This blog is part of a series dedicated to Fibonacci sequence. In the Series page you can find the other posts of the series.

This post is the last of a series of posts in where I discuss different ways of generating Fibonacci sequence. A natural question that arises is then: which of the different implementations are the best?

For sure you can say that the recursive implementation is the worse. This is because it is easy to prove that to compute $f_n$, a number of $O(f_n)$ additions (and therefore also function calls) are needed1.

From a practical perspective, the recursive algorithm becomes impractical when computing even small instances. The figure below shows execution time that took to run the recursive algorithm to compute ${f_n}$ where $n$ is the Fibonacci index number. I implemented the same algorithm in both C++ and javascript for comparison. Although C++ is the fastest, both algorithms present what it looks like an exponential growth of the execution time as instance size increases2.

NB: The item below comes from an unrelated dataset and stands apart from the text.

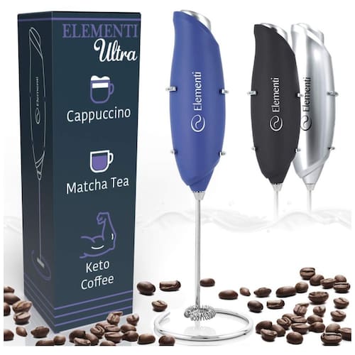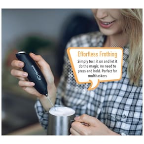 Faça uma espuma rica e cremosa em segundos Nós, amantes do café, somos sérios quando se trata de nosso café. O Milk Boss Frother dá aquele toque final profissional ao seu café com leite, cappuccino, macchiato ou chocolate quente. Faça um delicioso creme espumoso para suas bebidas em casa sem uma viagem ao Starbucks com seu próprio espumador de leite. Os benefícios de ter sua própria batedeira elétrica para bebidas são infinitos, você pode fazer seu melhor café com leite, você conhece melhor o seu gosto. Matcha Whisking, Coffee More Funciona melhor do que um batedor manual para fazer chá matcha e funciona muito melhor do que garfo ou batedor para café. Funciona muito bem para misturar bebidas nutritivas de proteína em pó sem nenhum recipiente extra, liquidificador ou shaker para lavar. Use nosso mini mixer para suas necessidades de mexer e misturar Dê um toque de batidas e smoothies saudáveis adicionando pó ou sabor de gema de ovo e misturando. Qualidade comprovada e confiável usamos apenas materiais premium. A construção vai durar, apoiada por nossa garantia Zulay para não enferrujar ou quebrar, nunca. Nosso pequeno e eficiente espumante funciona com todos os tipos de leite meio a meio, creme, soja, amêndoa, caju, avelã, leite integral e outros laticínios, como manteiga ou creme. Fácil de limpar e zenar O suporte de metal durável e conveniente oferece fácil acesso para produtos espumosos em segundos. A limpeza é ainda mais rápida. Para limpar, basta colocar o batedor em água quente corrente e ligá lo brevemente limpe instantaneamente Quando zenado no balcão ou na mesa, fica bem próximo a outros acessórios de café. Nosso potente e durável espumador de leite portátil é alimentado por duas pilhas AA não incluídas com um design elétrico compacto que cabe facilmente em uma gaveta

The complexity of the iterative algorithm (C++, javascript) is only $O(n)$1 and therefore it is efficient in generating Fibonacci sequence. The closed-form can be seen as evaluating a n-order polynomial and therefore I would also expect a complexity of $O(n)$3.

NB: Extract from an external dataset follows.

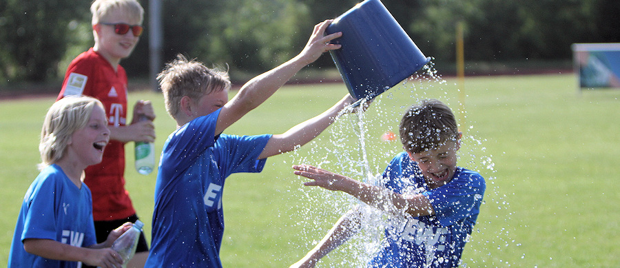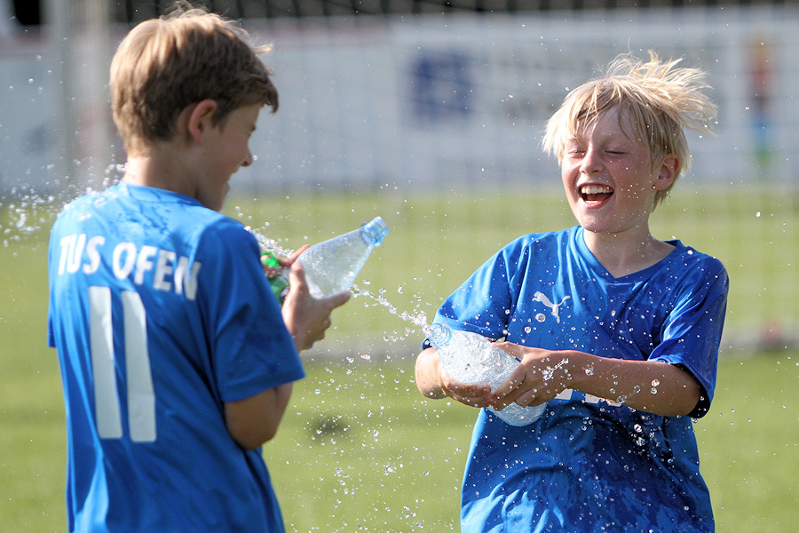 Im Anschluss wurden die zur Meisterbrause umetikettierten Wasserflaschen für die dazugehörigen „Sektduschen“ genutzt und der Rasensprenger zur Abkühlung. Ein Megaspaß, der in einer Riesenfeier endete. Die E1, E2 und F1 trafen sich mit ihren Familien zum Saisonabschluss, was auch die tolle Entwicklung beim TuS Ofen unterstreichte.

The highest number I was able to compute with a double float number in C++ was $f_{1476} = 1.3069892237633987e+308$ and it took about 5 ms for both iterative and closed-form algorithms. For javascript, nodejs took about 150 ms for both types of algorithms.

You can argue that the closed-form form is not only efficient but also aesthetically more pleasing. However, there is more than mere beauty in it, because it also allows us to deduce that the Fibonacci series growth exponentially

\[\lim_{n \rightarrow \infty} \frac{\sqrt{5}f_n}{\varphi^n} = 1,\]

and therefore, it can be proved that recursive implementation of the Fibonacci sequence has exponential complexity or $O(\varphi^n)$.

References

  1. Adam Drozdek, Data Structures, and Algorithms in C++, chap 5. $O(\cdot)$ notation represents the asymptotic execution in time (sometimes also in memory space) of an algorithm for large instances. This is commonly referred as the algorithm complexity, see Big O notation for more information.  2

  2. Be aware the plot is in logarithmic scale, and therefore a linear growth in that scale is, in reality, an exponential growth! 

  3. Computational complexity of mathematical operations.